The next hour, two hours, three hours, were great. As I mentioned earlier, at the Tour, a post-race press conference is normally the last place you want to be when you've just won, but that day the journalists were in danger of missing their deadlines, so long and so happily did I ramble on. Not that they minded – in fact, some of them looked as happy and excited as I did.
The text messages, the podium, the phone call to Melissa, the phone call from Aldag, from Brian – it was everything that I'd expected and much, much more. A couple of weeks earlier I'd been lying in bed, despairing for my health and, to a certain extent, my future as a pro cyclist.
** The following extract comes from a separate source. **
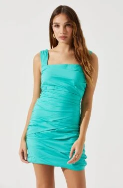 The Vilma Dress features a floral print. V neckline features a ruffle trim and leads to a ruched silhouette with ruffle trim. Short, flutter sleeves. Concealed back zip closure.

Now, I was standing on the podium with one of the greatest sprinters in the world, Robbie McEwen, on my right-hand side and 10,000 people in front of the stage, all thinking and saying the same thing: 'So this is the new kid on the block ...'
There were so many t
hings to do, so many people to talk to. Most importantly, there were people to thank. Above all of them there was Bernie Eisel.
'Mate, I couldn't have done that without you. Thank you so, so, so much ...' I told Bernie as I did my rounds of the rooms that evening, telling everyone – even Greipel – how grateful I was.
'Don't worry, I was fucked anyway ...' he shrugged.
If I was almost overwhelmed, Bernie's reaction epitomised the bloody-minded generosity that, just over a year later, would keep me in the Tour de France.